Весной приехал Федя в Елисаветино, и ему сказали, что дед Никита ушел и что в ту ночь, как ему заболеть, он принес какой-то замок, который и показали Феде. Федя узнал замок и понял, что хотел сделать Никита, и как страшно он за то пострадал. Теперь один только Федя знал, где находится клад. И Федя ни за что не сказал бы никому, где зарыт клад, потому что он боялся, что кто-нибудь, как Ни­кита, захочет его украсть.

Федя с детских лет был сердечным мальчиком, любил делать добро, ничего не ждал. Когда он стал вырастать и остался на свете одиноким, сердце его ста­ло не чувствительно; некому было любить его, не при­шлось и ему отвечать кому-нибудь любовью. Сначала в дворянском пансионе, где он воспитывался, он очень привязался к одному бедному и слабому мальчику. С ним он делился всем, что у него было. Но мальчика этого взяли из пансиона, и Федя почувствовал себя опять совершенно одиноким. Когда Федя вырос, он стал скупой, перестал делать добро, перестал помо­гать бедным и старался больше и больше накопить себе денег. Однако он все-таки не решался вырыть бабушкин клад и помнил её слова: «до тех пор не вы­рывай из земли клад, пока не понадобятся деньги на доброе дело».

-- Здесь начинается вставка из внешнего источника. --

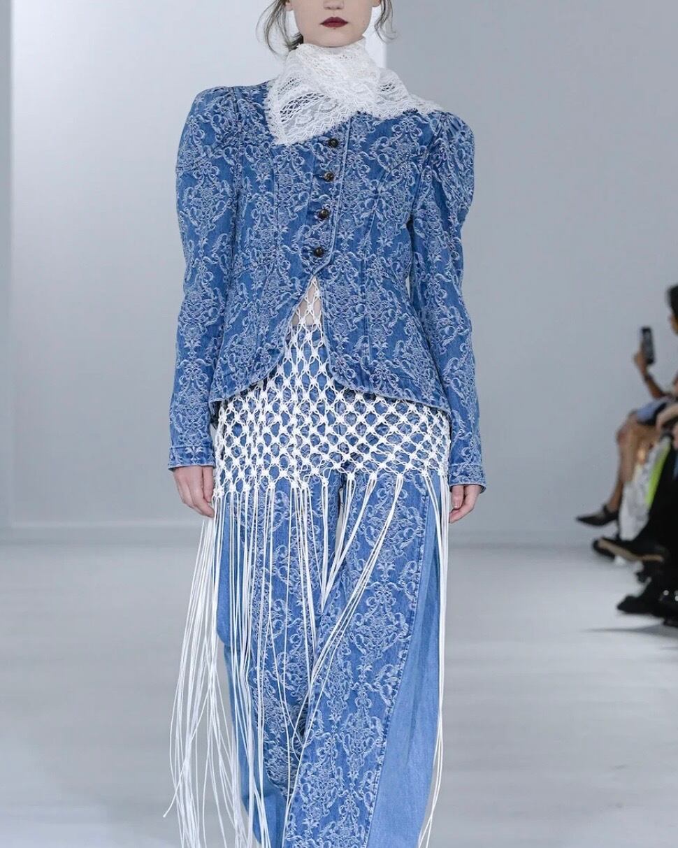 FETICO / DAMASK JACQUARD DENIM PEPLUM JACKET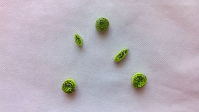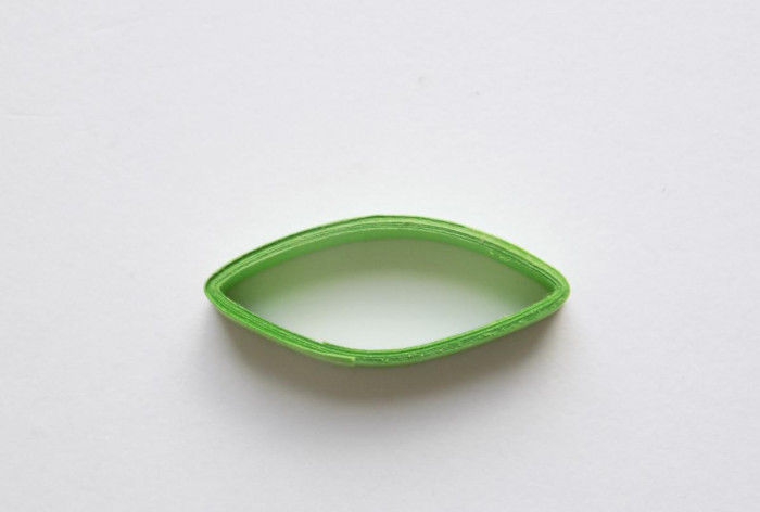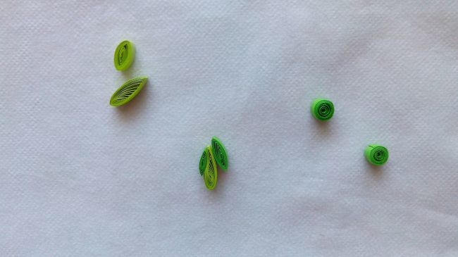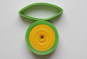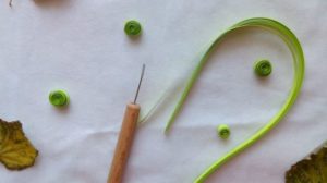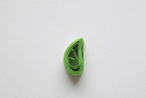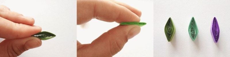 - Оформяме листата от зелените ленти на свободната спирала. Затегнете левия и десния край на спиралата, като създадете елемент на окото, десният край се издърпва надолу, а левият нагоре. Получихме извито листо. Такива трябва да1-3 броя.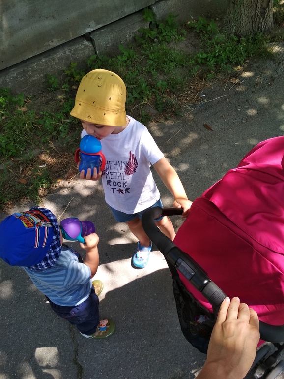 Лешу покормила, Леша покакал. Понимаю, что взяла всё, кроме памперса. Миша от сладкой ваты отказывается, не понравилась пышная консистенция, Илья говорит, что ему не вкусно, "Мама, съешь ты, мама, держи, мама, ну мама, на". А у меня закаканный Леша. Пошла по мама с колясками в поисках памперса, нашла, поменяла на лавочке под нетерпеливое Илюшино взять сладкую вату. Всё, закончила, Лёшу вернула в эрго, салфетки, бутылочки, все спрятала обратно, забрала у Ильи сладкую вату, качу коляску второй рукой, и Илья капризно выдал, что у него, оказывается, руки липкие, так идти не может, "Мам, дай салфетки, пожалуйста". Аррр. Выбросила вату в мусорку, снова достала салфетки, протерла руки, по крутому пандусу вверх покатила коляску с Мишей, это тяжелее, чем с Лешей, еще и он на груди висит. На улице жара страшная, иду в гору домой и думаю, хоть бы сознание где не потерять с тремя детьми. Дошли, помыла обоих и всем спать.
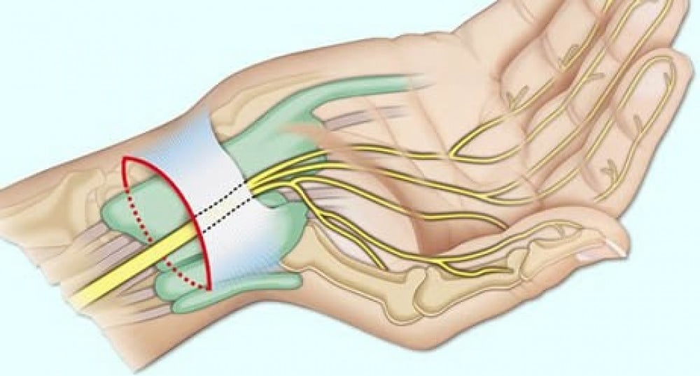 · ومتلازمة النفق الرسغي، وكسور المعصم، وحالات ما بعد الجبس.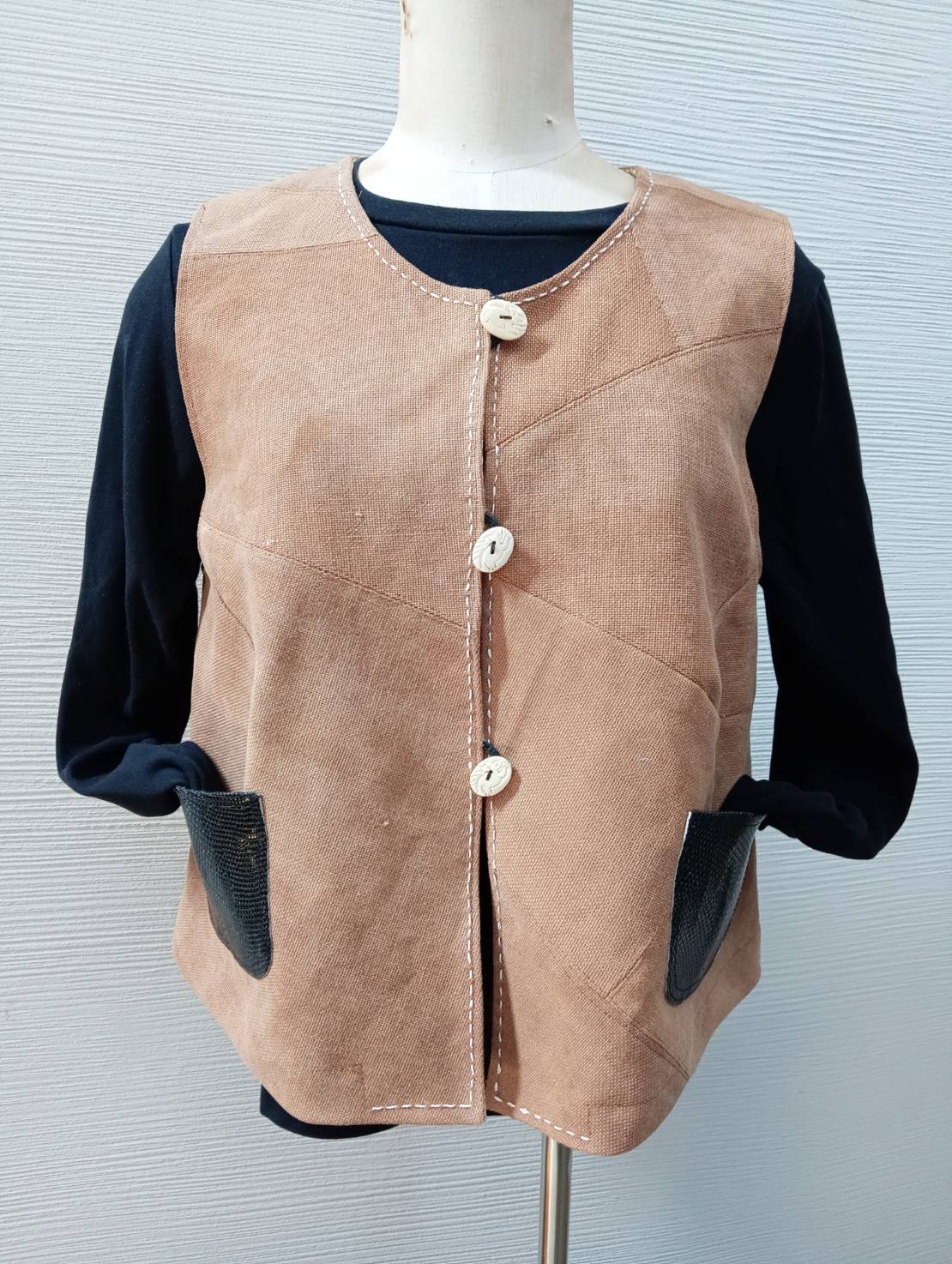 **bs-13 酒袋ベスト**は、独自のパッチワークから生地を作成した特別なアイテムです。綿100%の素材で作られており、胸のダーツが体にフィットし、美しいシルエットを実現します。水牛の角彫刻によるボタンや、皮革のループ、パイソンのポケットがデザインのアクセントとなり、独自の個性を引き立てています。刺し子ステッチが施されアクセントとしても目を引きます。細部にまで拘ってお作り致しております。

Феде казалось, что такое доброе дело никогда не пред­ставится, и вот начал он раздумывать: «Зачем так глупо пропадают деньги в земле? Лучше их взять и получать на них проценты, я еще побогатею. Да и не заперт сундук, замок оторвался, надо его хоть за­переть...»

Думал, думал так Федя и решил вырыть сундук. Купил он себе в Москве новую большую железную лопату, и отправился раз ночью к тому месту, где был зарыт сундук. Земля, отброшенная еще Никитой, так и лежала бугром в сторон.

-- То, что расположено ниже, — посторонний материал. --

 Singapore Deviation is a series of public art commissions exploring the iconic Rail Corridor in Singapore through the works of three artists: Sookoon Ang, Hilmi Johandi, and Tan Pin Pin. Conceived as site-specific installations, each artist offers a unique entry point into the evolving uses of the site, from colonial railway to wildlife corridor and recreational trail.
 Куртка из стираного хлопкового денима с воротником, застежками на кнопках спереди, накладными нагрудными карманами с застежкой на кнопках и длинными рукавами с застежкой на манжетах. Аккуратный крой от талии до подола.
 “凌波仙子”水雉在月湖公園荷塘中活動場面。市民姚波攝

Федя не хотел брать сундук в дом. Он думал, не вынимая его из земли, перенести из него ночами по­немногу все богатства. Он принялся копать, но потру­дившись недолго, Федя так устал, что бросил и ушел домой.

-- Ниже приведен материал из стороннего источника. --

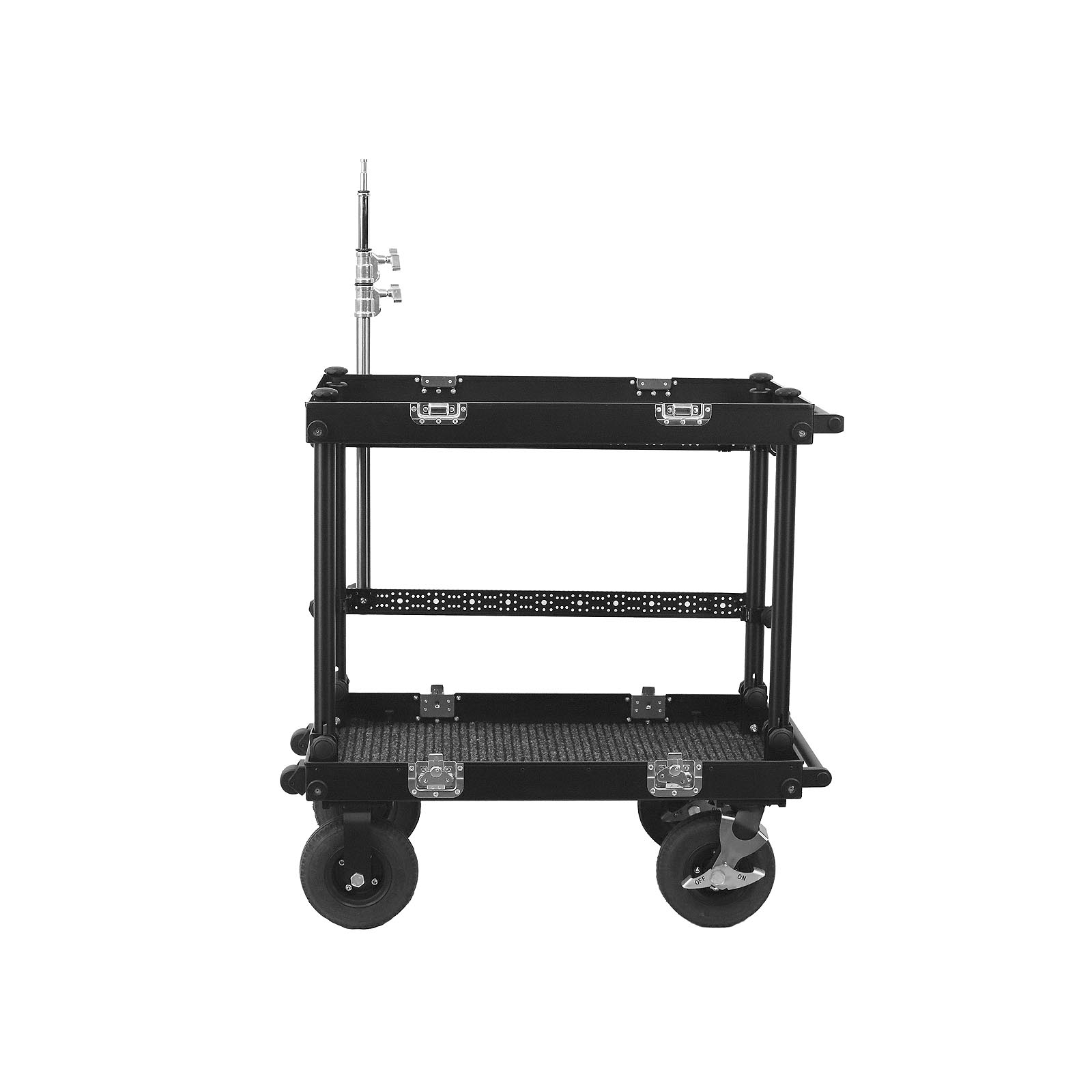 This Monitor mount system allows you to securely mount your monitor on the cart. Variety of holes provide numerous setup options. Medium 3-section pipe allows you to easily change the level of your monitor. This setup is based on steel crossbars to provide maximum security for your equipment. Additional holes in crossbars can be used to add even more accessories. It’s very easy to mount. This setup fits Smartone Standard.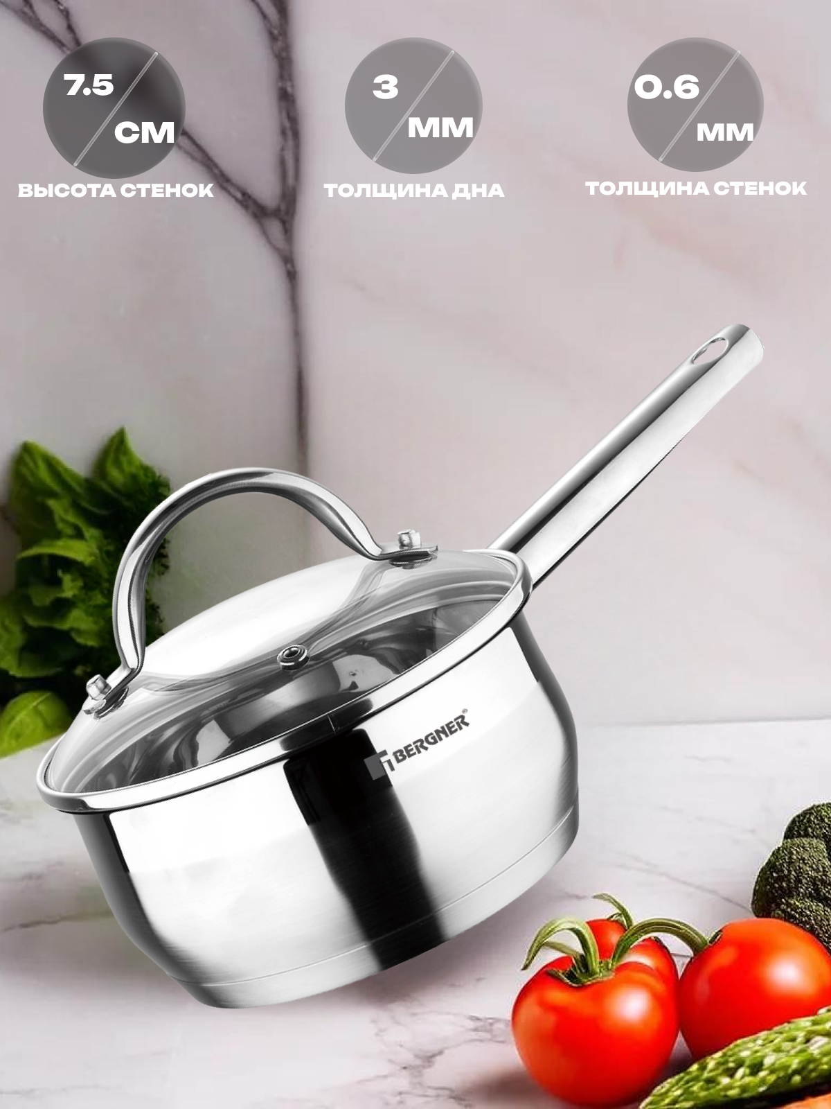 Ковш нержавеющая сталь, Ø16X7,5 см 1,3 л, Gourmet, стек. крышка, BERGNER, арт. BG-33990-MM информация:

На следующую ночь он опять не мог спать, так его и тянуло к дубу. Он взял замок, вложил в него ключ, который берег всегда у себя, запер, опять отпер замок, вынул ключ и положил в карман. Крадучись, тихонько пошел Федя на недоброе дело и снова принялся за работу. Дело непривычное, он скоро утомился, ноги и руки ломило сильнее вчерашнего, но он рыл и рыл. Вдруг чувствует он, что его точно подкосило, ноги его вдруг отнялись, он зашатался и упал. Ноги стали как мертвые, он не чувствует их и не может сдвинуться с места. Федя испугался, но тотчас же подумал, что у него много денег, и доктора, а то и заграничная поездка вылечат его; а главное ему не хотелось, чтобы его нашли тут, у клада, и, взяв под мышки заступ, он пополз на руках, с трудом таща свои больные ноги, прочь от дуба и старался выбраться на дорогу.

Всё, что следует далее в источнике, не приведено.